Patients on longer MDR-TB treatment regimens need to be monitored for response to treatment and for safety, using reasonable schedules of relevant clinical and laboratory testing (10, 39). The WHO framework for aDSM needs to be applied to patients on any type of MDR/RR-TB regimen, to ensure appropriate action and an acceptable level of monitoring for adverse events and prompt response to such events – alongside monitoring for treatment outcomes. Electrocardiography may be indicated as more regimens in the future may have two or three agents that are expected to prolong the QT interval. Audiometry and specific biochemical tests should also be made available whenever certain agents are included in the regimens. Treatment in pregnancy with postpartum surveillance for congenital anomalies will help to inform future recommendations for MDR/RR-TB treatment during pregnancy.

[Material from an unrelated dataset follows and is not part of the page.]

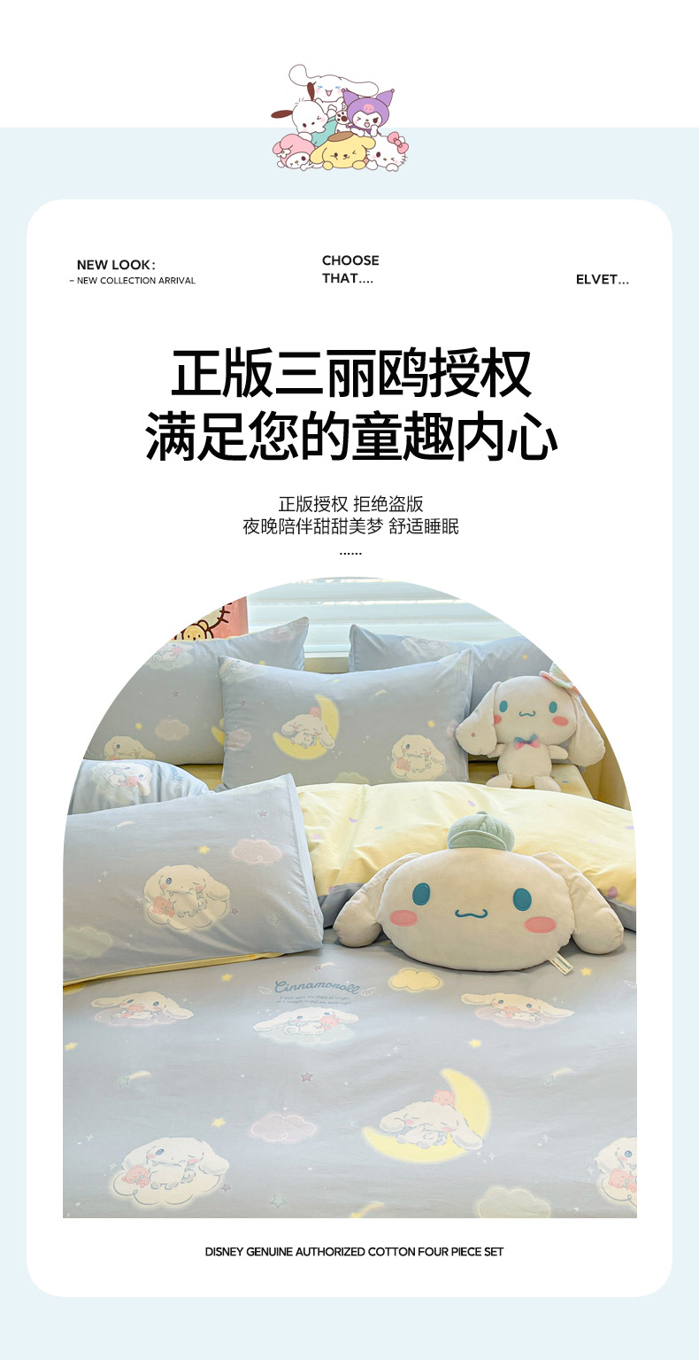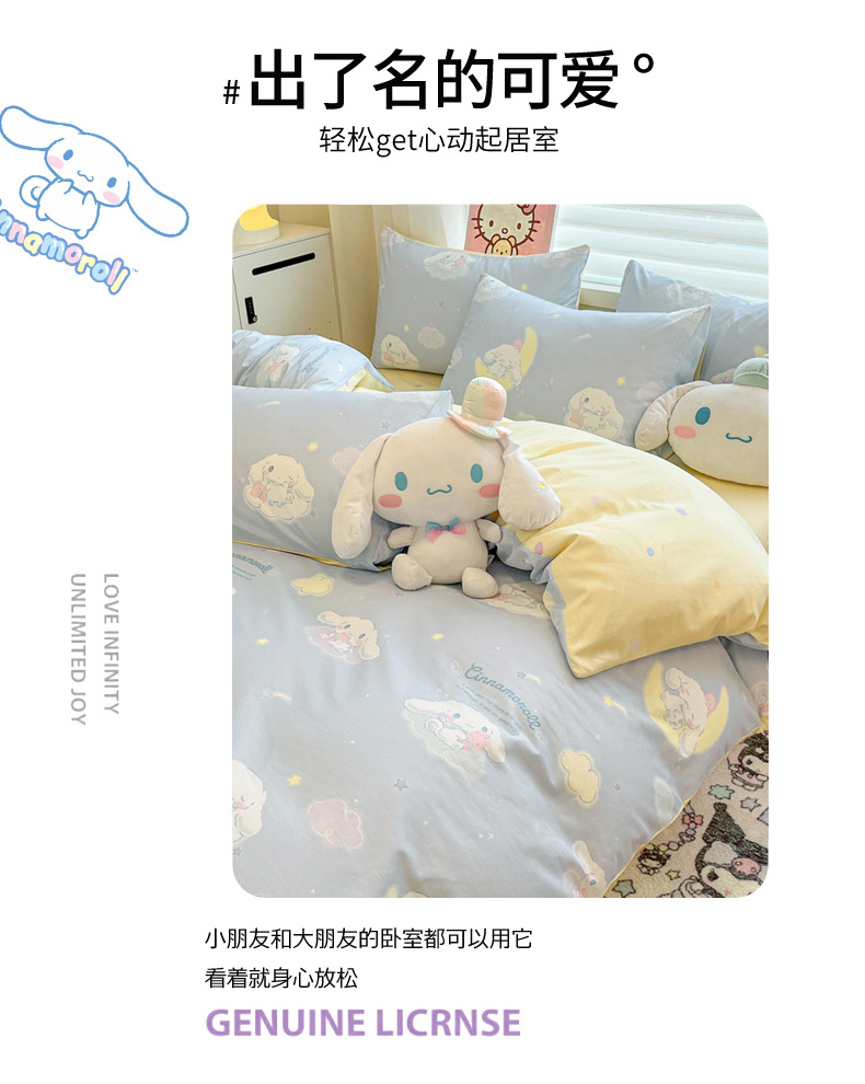 当前位置: 91家纺网 > 商品网购 > 床品套件 > 四件套 > 全棉普通四件套 > 暮思家居 2026新款正版授权三丽鸥全棉纯棉四件套系列-第一批 晚安大耳狗

A separate recommendation on the use of culture and microscopy to monitor bacteriological response during treatment was made in the 2018 update of the guidelines (see Section 5 regarding PICO question 11 MDR/RR-TB, 2018). Access to DST of medicines for which there are reliable methods and the development of other methods for newer medicines (e.g. sequencing) are critical (and in the case of DST, necessary) accompaniments to the treatment recommendations in these guidelines.
Patients on longer MDR-TB treatment regimens need to be monitored for treatment response and for safety, using reasonable schedules of relevant clinical and laboratory testing (10, 39). Response to treatment and toxicity are monitored through regular history-taking, physical examination and chest radiography; special tests such as audiometry, visual acuity tests and electrocardiography; and laboratory monitoring. Using smear microscopy or culture to assess conversion of bacteriological status is an important way to assess response, and most patients are expected to have converted to a sputum-negative status within the first few months of starting treatment. Persistence of culture positivity beyond that point, or close to the expected end of the intensive phase when injectable agents are in use, should trigger a review of the regimen and performance of DST. NTPs should also aim for complete registration of patients with MDR/RR-TB, through follow-up and monitoring of treatment outcomes as part of national surveillance. Regular review of MDR/RR-TB cohort data is essential.
Frameworks for the surveillance of bacteriological status, drug resistance and assignment of outcomes have been standardized in recent years (79). In contrast, systematic monitoring of adverse events during and after the end of treatment needs to be strengthened in most NTPs, given the relative novelty of active pharmacovigilance within NTPs (39, 54). The rationale for aDSM is largely supported by the increasing use worldwide of combinations of new and repurposed medications in MDR/RR-TB treatment regimens. The toxicity of certain agents may increase with the duration of use (e.g. nerve damage with linezolid), and may limit their continued use in a patient, sometimes resulting in complete cessation of treatment. The prospective collection of accurate data for key variables at the case-based level, using an electronic register, is strongly advised in the best interests of the individual patient, and to inform revisions of local and global policies (80).